Hi Shubham,
They have been delaying on this for several years, since census requires the cooperation of so many people, all of whom would be required to follow governemnt dictats. Survey, and other data collection methods are far easier to capture, since the number of nodes to act in a sketchy manner is manageable. However, since they now have experience of Systematic Voter Deletion, in addition to general change in norms about expectations of truth from this government, they have now went ahead with building national demographic dataset in the image of their idea of India.
There is a portal
WorldPop, which has built a seemingly reliable dataset based on estimations by several factors and Geospatial imageries. It is also hosted by GEE:
This can also be used to check their numbers.

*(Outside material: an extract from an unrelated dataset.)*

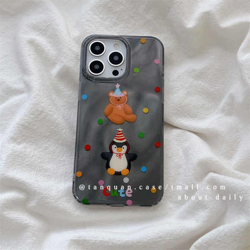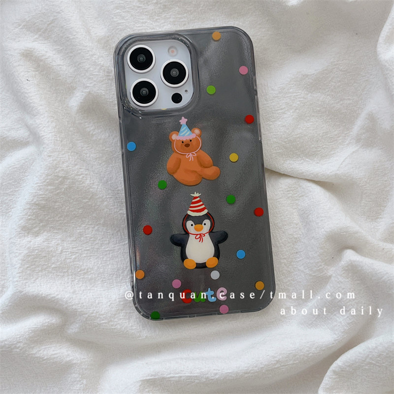 ins卡通波点小动物带链条适用iphone15pro手机壳16pro苹果14promax新款13女12日韩创意14趣味13pro全包12pro

However, since these dataset only include numbers of people (and one of them classifies them with Gender also), it would be hard to counter check if the Census gives the number of people to be correct, while fudging the attributes of that person or locality. This time, we are also having `caste` as part of census, which too is susceptible to fudging, in addition to basic current norms, such as fudging against certain religions. For analysing these kinds of fudging, we could have analysed electoral roll data, which is supposed to be a dataset of almost everyone over 18 years of age. Electoral Rolls data also contains names, from which, for crude analysis, some researchers around the world have built ML based methodologies (
It’s All in the Name: A Character-Based Approach to Infer Religion - Cambridge University Press - 23 March 2023) to estimate religion from names. This methodology can also be expanded for Caste inference, if reliable large enough dataset is available with verified names based caste inference, however, it will always be prone to local variations, limitations with generic second names etc. So, based on my current, understanding fudging at this level would be hard to counter check without going to localities.
It would be an essential democratic tool if we can build a reliable way to identify patterns of data fudging, spatial variations (where they are most likely to implement it most, like West Bengal, JK, Punjab etc), and then methodologies for each of these fudging patterns.
- Amit